A massive "Cathenge" is being unveiled in San Francisco with glowing feline monoliths

This outcropping of cat stones is a mysterious sight.

Erika Mailman
Written by
Erika Mailman

It's epic, it's timeless, it has pagan's CATHENGE! Wait, what?

This incredible multi-sensory "Sound-Light Sculpture" installation is now installed in Patricia’s Green in San Francisco's Hayes Valley. The work of art by David Normal was previously inaugurated at Burning Man (2019 and 2021). Patricia's Green often hosts pieces from the playa afterward.
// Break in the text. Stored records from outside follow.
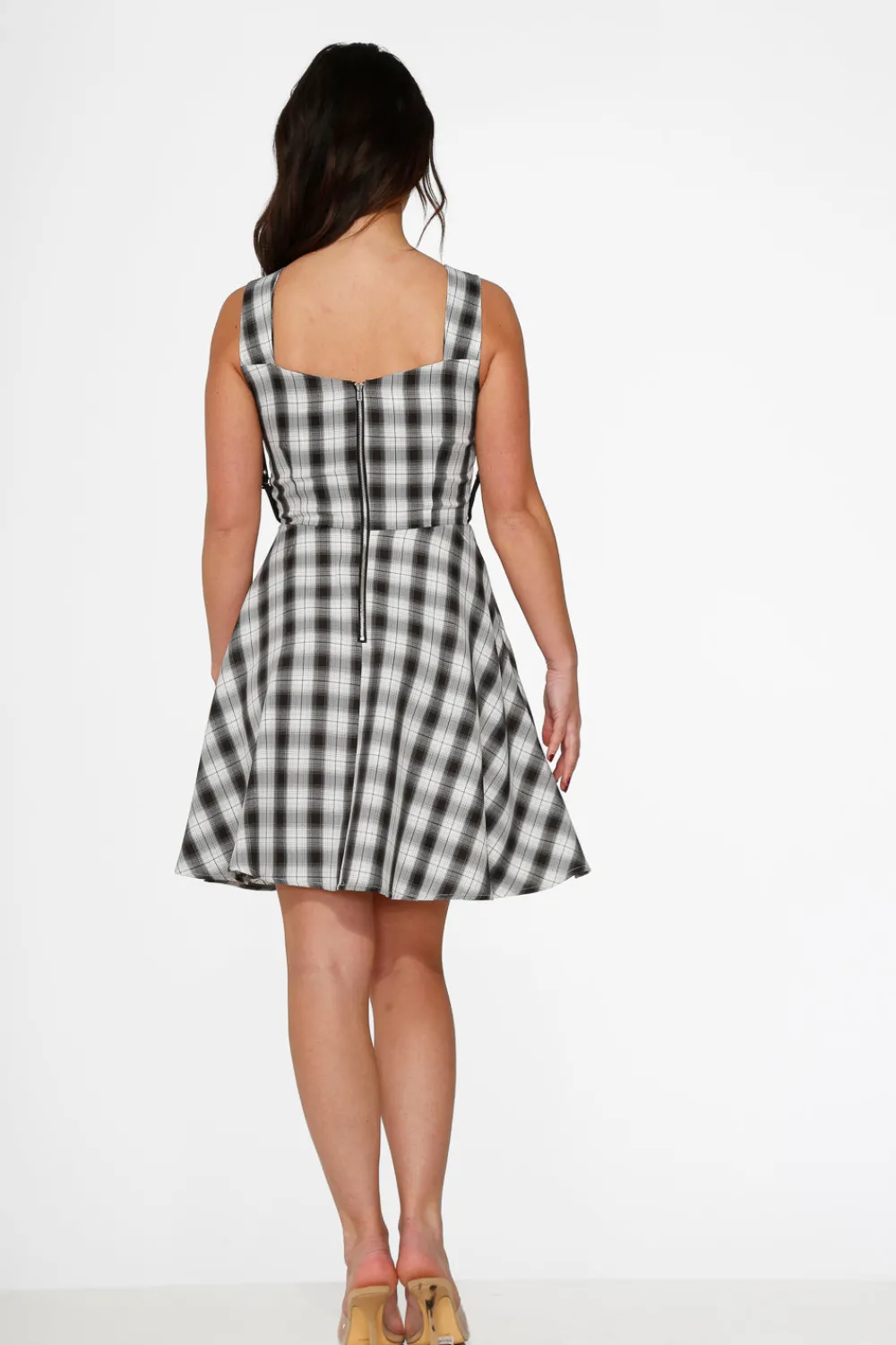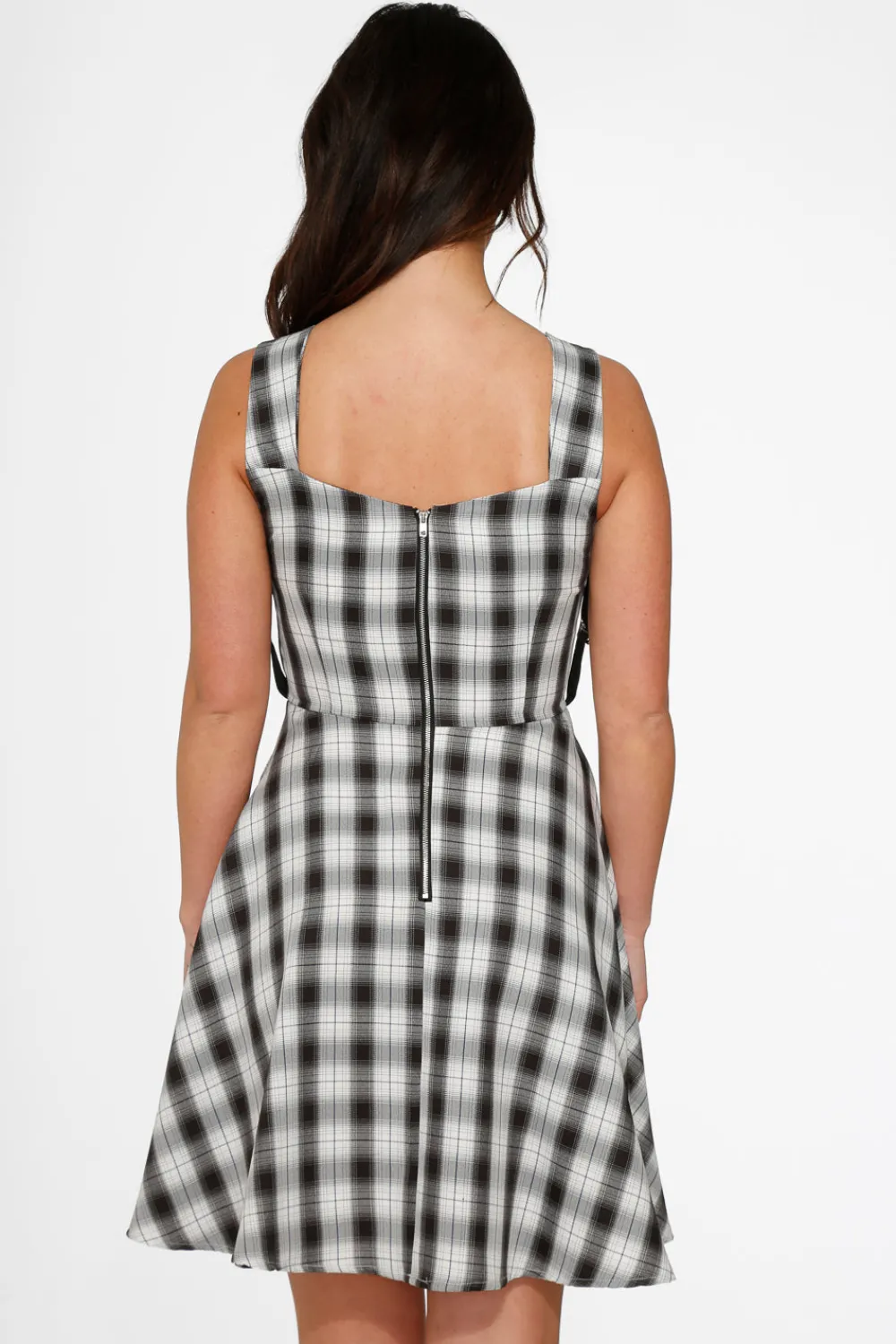 Sweet meets street in the Orchid Bloom Black & White Plaid Corset Dress. With its classic plaid print and striking lace-up corset bodice, this fit-and-flare number is full of bold attitude and vintage charm. Wide straps and a flouncy skirt keep things comfy and cute, while the cinched waist gives it that perfectly edgy twist.
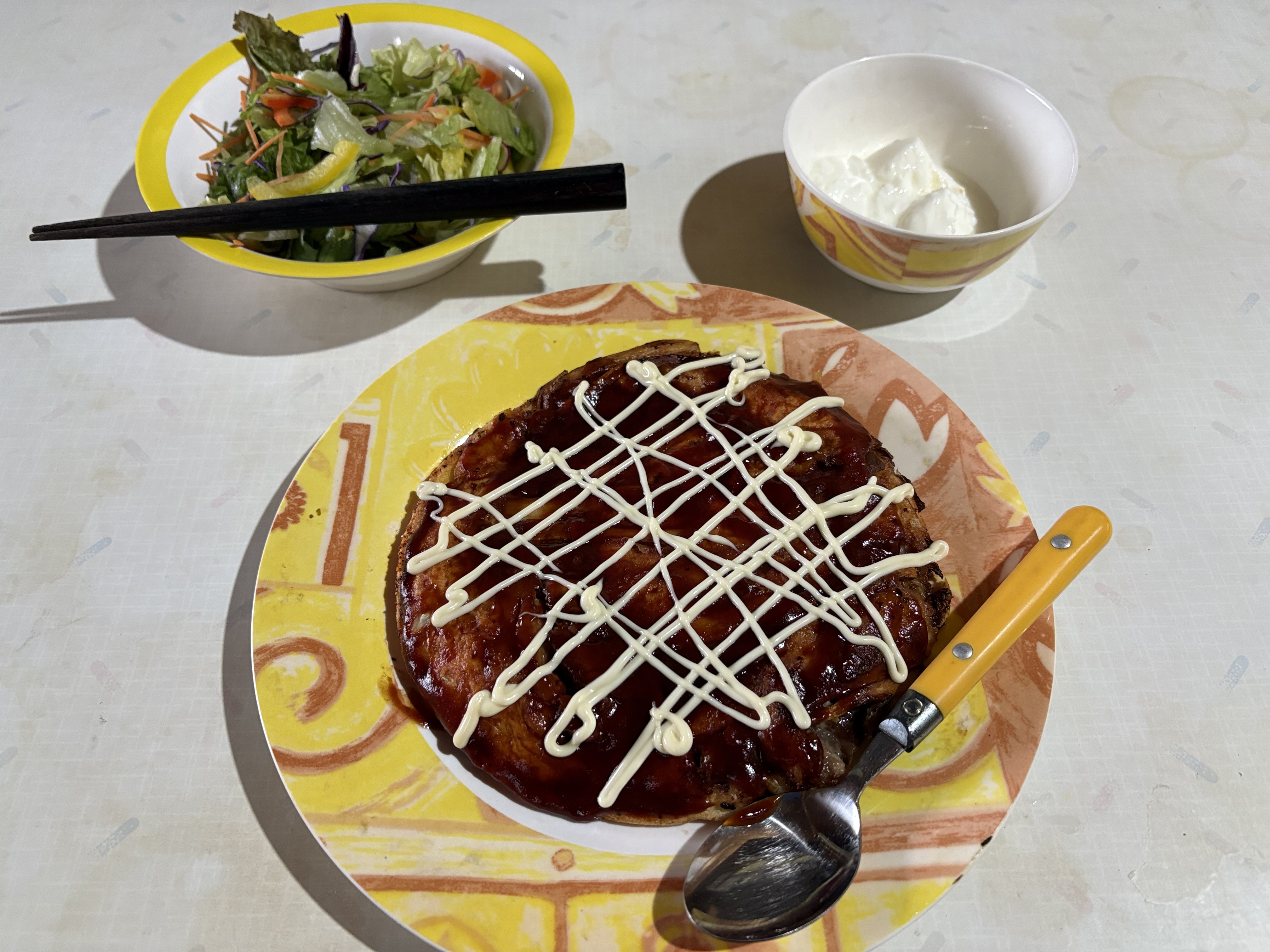 キャベツを使い切るため、お好み焼き。昨晩の残りのエリンギで豚玉に。
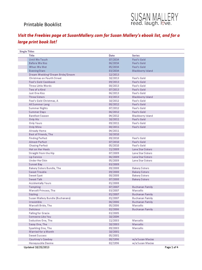 Susan Mallery Books In Order Printable List - Complete order of susan mallery books in publication order and chronological order. Looking at the lives and the. From her earlier works like tender loving care (1991) to the more recent ones like home with you (2024) mallery weaves stories based on themes of love, friendship, and. This document provides a list of books by author susan mallery, including single titles, series, novellas, and anthologies. Once you've done that, you'll be able to. Browse our complete guide to all 198 susan mallery books in order (from the series written by susan mallery). With over 30 million books sold worldwide, she has captivated. Mallery received an rt award nomination (contemporary romance) in 2005. Are you a very recent addict to susan mallery’s books and looking for what to read next? Plus, we’ve organized our list in order. It lists over 200 titles spanning from 1992 to 2014, grouped by. Once you've done that, you'll be able to. Mallery received an rt award nomination (contemporary romance) in 2005. Once you've done that, you'll be able to. Are you a very recent addict to susan mallery’s books and looking for what to read next? This document provides a list of books by author susan mallery, including single titles, series, novellas, and anthologies. Complete order of susan mallery books in publication order and chronological order. Susan mallery books in order standalone books tender loving care (1991) more than friends (1993) a dad for billie (1993) cowboy daddy (1994) justin’s bride (1995) surrender in silk. From her earlier works like tender loving care (1991) to the more recent ones like home with you (2024) mallery weaves stories based on themes of love, friendship, and. Looking at the lives and the. This document provides a list of books by author susan mallery, including single titles, series, novellas, and anthologies. Complete order of susan mallery books in publication order and chronological order. This is the order of susan mallery books in both chronological order and publication order. Mallery received an rt award nomination (contemporary romance) in 2005. Susan mallery books in order. Set within a fictional small californian town named ‘fool’s gold’, this series of novels focusing on the idyllic location comes from american author susan mallery. This document provides a list of books by author susan mallery, including single titles, series, novellas, and anthologies. It lists over 200 titles spanning from 1992 to 2014, grouped by. Don’t worry, we are here. It lists over 200 titles spanning from 1992 to 2014, grouped by. Our book list feature allows you to mark susan's books as read, unread or unsure, which will then automatically save your custom book list. This document provides a list of books by author susan mallery, including single titles, series, novellas, and anthologies. #1 nyt bestselling romance and women's. This is the order of susan mallery books in both chronological order and publication order. Once you've done that, you'll be able to. List verified daily and newest books added immediately. This document provides a list of books by author susan mallery, including single titles, series, novellas, and anthologies. Looking at the lives and the. Susan mallery is a bestselling author known for her heartwarming and emotionally engaging women’s fiction. List verified daily and newest books added immediately. It lists over 200 titles spanning from 1992 to 2014, grouped by. Don’t worry, we are here to help you with a complete list of susan mallery books in order! #1 nyt bestselling romance and women's fiction. Our book list feature allows you to mark susan's books as read, unread or unsure, which will then automatically save your custom book list. It lists over 200 titles spanning from 1992 to 2014, grouped by. Besides romance, mallery has a passion for animals. Looking at the lives and the. Our book list feature allows you to mark susan's books. From her earlier works like tender loving care (1991) to the more recent ones like home with you (2024) mallery weaves stories based on themes of love, friendship, and. Browse our complete guide to all 198 susan mallery books in order (from the series written by susan mallery). Looking at the lives and the. Mallery received an rt award nomination. Don’t worry, we are here to help you with a complete list of susan mallery books in order! This is the order of susan mallery books in both chronological order and publication order. Susan mallery books in order standalone books tender loving care (1991) more than friends (1993) a dad for billie (1993) cowboy daddy (1994) justin’s bride (1995) surrender. Looking at the lives and the. Don’t worry, we are here to help you with a complete list of susan mallery books in order! Once you've done that, you'll be able to. #1 nyt bestselling romance and women's fiction author known for her funny, sexy style of writing and her charming, heartwarming stories. Susan mallery books in order standalone books. Susan mallery books in order standalone books tender loving care (1991) more than friends (1993) a dad for billie (1993) cowboy daddy (1994) justin’s bride (1995) surrender in silk. Besides romance, mallery has a passion for animals. Mallery received an rt award nomination (contemporary romance) in 2005. Don’t worry, we are here to help you with a complete list of. This document provides a list of books by author susan mallery, including single titles, series, novellas, and anthologies. In bed with the devil (2007) 1. Besides romance, mallery has a passion for animals. Our book list feature allows you to mark susan's books as read, unread or unsure, which will then automatically save your custom book list. Plus, we’ve organized our list in order. Set within a fictional small californian town named ‘fool’s gold’, this series of novels focusing on the idyllic location comes from american author susan mallery. List verified 
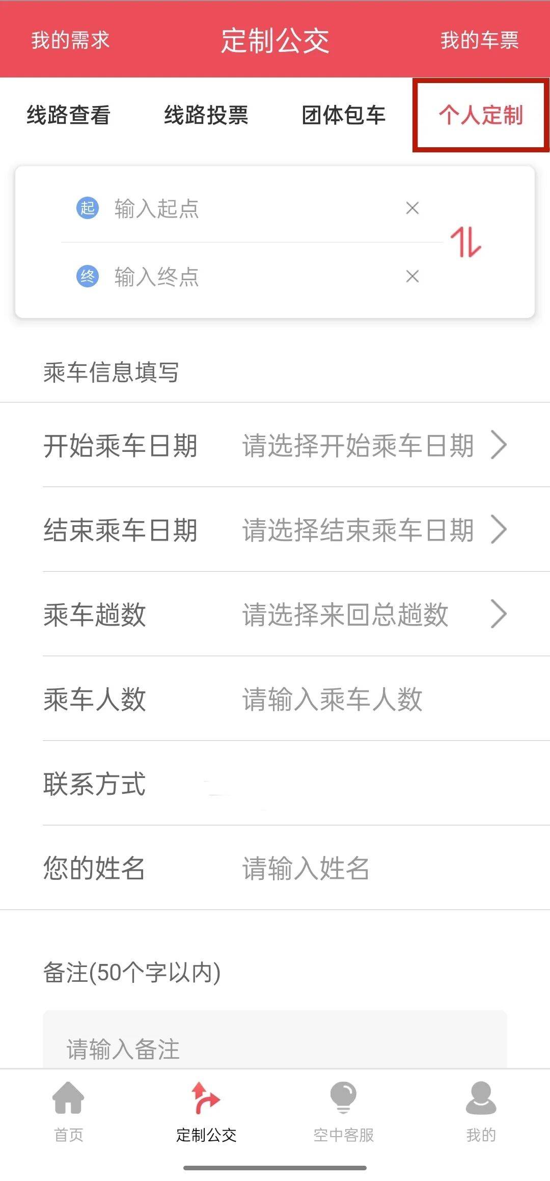 ③通过“定制公交”板块中的“个人定制”功能,填写您的出行意向(比如从哪出发、大致出行时间等)就可以啦!
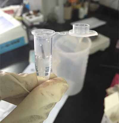 將紅蓋、綠蓋分別標號1、2。分別取樣品1mL至離心管中。
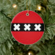 This design features the flag of the Dutch capital city of Amsterdam. The flag depicts three Saint Andrew's Crosses and is based on the escutcheon in the coat of arms of Amsterdam. Design journalist Roman Mars declared it, in 2015, to be the most "badass" city flag in the world. AFC Ajax, an Amsterdam-based football team that plays in the Dutch Eredivisie, uses the Amsterdam flag as their captain's armband. Amsterdam is colloquially referred to as the "Venice of the North", because of the large number of its canals which form a UNESCO World Heritage Site.
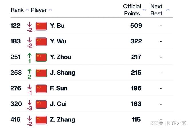 外界有此感慨,皆因去年年底同期,TOP100里还有三位中国男子球员。当时看到张之臻、商竣程和布云朝克特三人的名字时,很多人一度将之视中国男网即将强势崛起的信号。
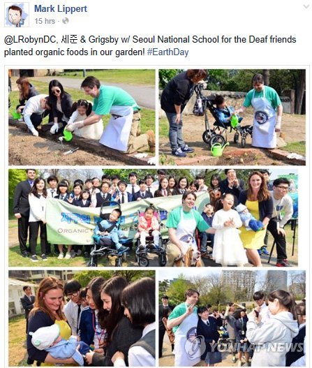 | △ 리퍼트 대사, 대사관저 텃밭서 장애학생들과 스킨십 (서울=연합뉴스) 마크 리퍼트 주한 미국대사가 22일 서울농학교 학생들과 함께 서울 정동 미국 대사관저에서 채소 심기 행사를 가졌다고 자신의 페이스북에 글과 사진을 올렸다. 이들 장애 학생과 함께 관저 내 텃밭에 상추, 고추, 가지, 토마토 등을 심으며 '지구의 날' 의미를 되새기는 행사를 한 것이다. ( 리퍼트 대사 페이스북) |
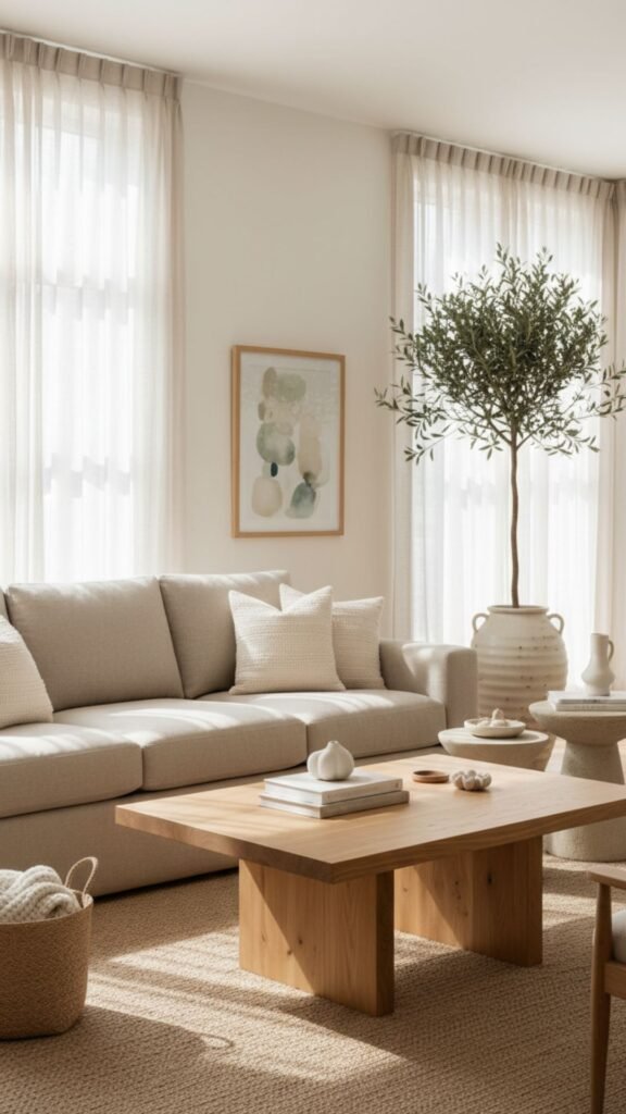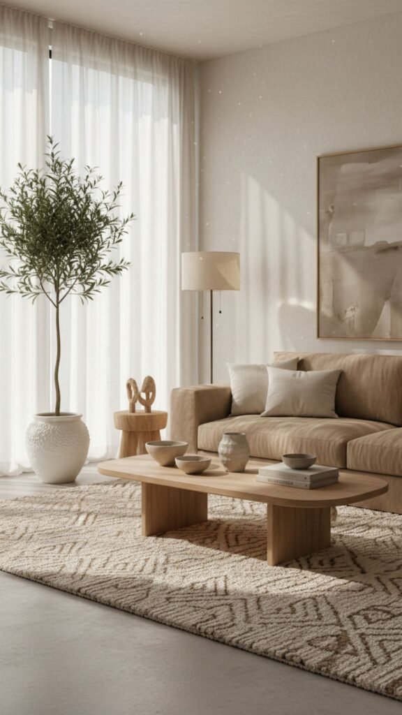 This style blends sleek, modern lines with warm, natural materials. It creates a calming environment that feels both sophisticated and deeply rooted in nature. Neutral palettes dominate the space, accented by textured fabrics.
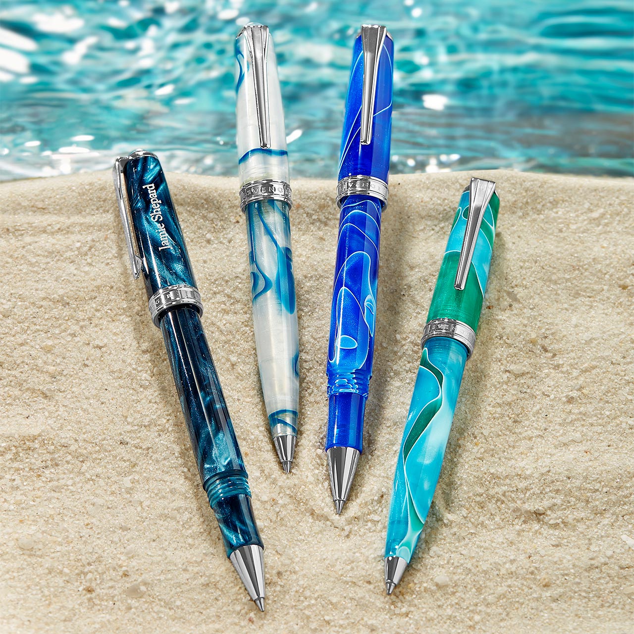 For the beachgoers and lovers of sand and surf on your gift list, any of our Seafarer Quartet would be a particularly evocative and apt gift choice. The Pacific has a deep moody blue and green swirled barrel. The Atlantic has a bright blue barrel streaked with white. The Mediterranean has delicate ripples of turquoise blue, green and white. The Caribbean has churning swirls of white and ocean blue. All styles have gleaming polished chrome appointments.
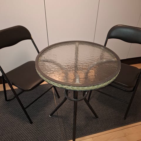 Altansæt diverse: 2 hvide stole i metal foldbare pr stk kr150 hvidt foldebord i kraftig plast diameter 65cm højde 73cm kr275 altanbord foldbart i gråmetal med kraftig bordplade i matteret glas diameter 60cm højde 70cm kr250 alttanbord i sortlakeret metal med kraftig glasplade diameter 60cm højde 70cm kr125 absolut faste priser kan ikke forhandles
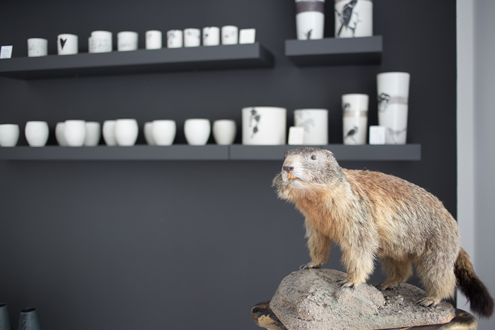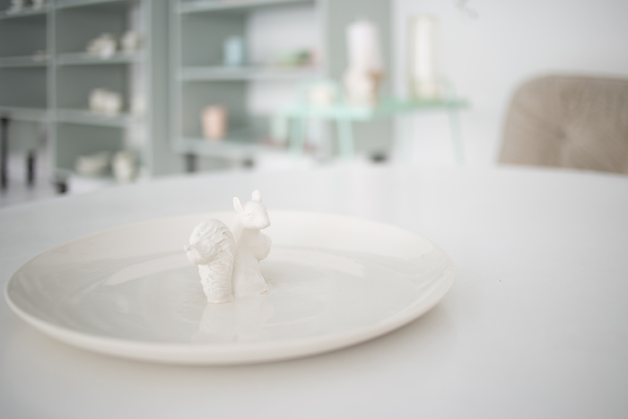 In addition to the Alice collection you can also find many other wonderful tableware, home accessories and jewelry in her brand new showroom in Vienna’s 4th district. The showroom is a treat for the eyes – white, black and grey walls, a white wooden floor, a stucco ceiling, a cosy corner with a vintage touch, stunning chandeliers, a group of pendant lights above a perfectly laid table and so many beautiful details more… Moreover, you can take a sneak peek at the atelier and the soon to be released collection „animals of the forest“. A visit and a purchase are definitely worth it!
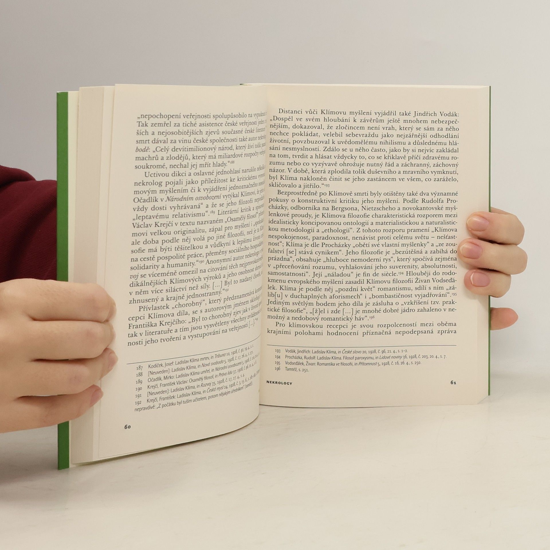 Dílo Ladislava Klímy má v dějinách české literatury a filozofie zvláštní význam, a to už jen tím, že spadá stejnou měrou do obou oblastí. Tvůrců, kteří se intenzivně věnovali jak filozofické, tak beletristické činnosti a u nichž jsou obě spojeny v jedinou konzistentní výpověď, nemá česká kultura mnoho. Ovšem i v rámci jednotlivých oborů působilo Klímovo dílo v době svého vzniku cizorodě. Radikálními myšlenkovými postoji i metafyzickou spekulací se Klíma vymykal povaze soudobé české filozofie, jež bývá většinou zjednodušeně charakterizována pozitivistickou střízlivostí, orientací psychologickou a sociologickou a odtažitým vztahem k metafyzice. Pro experimentální charakter jeho imaginativních textů jej někteří kritici a interpreti označovali za předchůdce celé řady moderních uměleckých směrů, jiní se o něm vyjadřovali jako o „chorobném zjevu“. Kniha sleduje, jakými způsoby se česká kultura vypořádávala s jedním ze svých nejradikálnějších kritiků, po jakých cestách do ní jeho dílo vstupovalo a za jakých okolností z ní bylo vylučováno. Recepce Klímova díla může být inspirací pro nové promýšlení jeho odkazu, zároveň na ni lze pohlížet jako na specifický dokument o charakteru českých intelektuálních dějin dvacátého století.
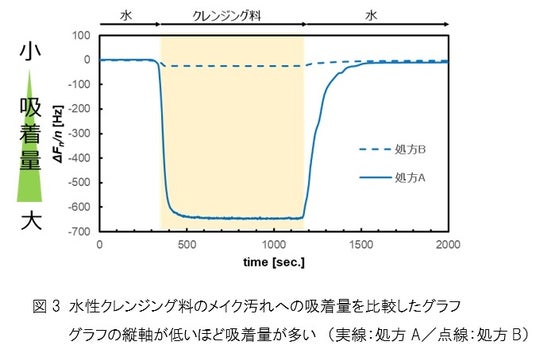また、実際に機器を用いてメイク汚れへの吸着量を評価した結果、保湿剤としてシクロヘキシルグリセリンを配合した処方Aは、処方Bと比べて吸着量が多いことが明らかになりました(図3)。

Brought here by the San Francisco Arts Commission, "Cathenge" is a feat of 3-D printing, with six colossal nine-foot feline figures—cat meets monolith. (They're also called 'Catoliths.')

Cathenge will be around for free viewing for a year—the ribbon cutting happens 6-10pm on Dec. 2. The installation also includes a sound component that is activated by the motion of the viewer. The cats glow serenely at night with blue and purple hues. Wearing black choker necklaces, they are evocative of Siamese cats with a 1960s vibe. There's also a space/alien feeling with these otherworldy beasts. In fact, the podium each sits on is "decorated with laser cut space cat themed motifs and metallic gilding," according to the arts commission.

The ribbon cutting and art reception is part of the Hayes Valley Holiday Stroll which also includes a cat priestress fashion show. When Time Out spoke with Normal, he was working on more laser cut space cat stencils to adorn the pedestals and paused (paw'sed?) to explain that the sound component issued by the installation is harmonic purring.

"It's a soundbath of holofelinity, which is universal cat consciousness," says Normal. "The soundbath uses tones of Gregorian chanting with intrinsic healing depth that resonates and vibrates metaphysical layers of one's being."

And...why cats? "Because as Leonardo da Vinci said, 'All cats are beautiful.' Beauty is the intersection of compassion and awareness, and cats express deep empathy with humans," says Normal. "When they dream, they're using their minds to affect the world around them."

Sounds like this is an art installation that shouldn't be missed.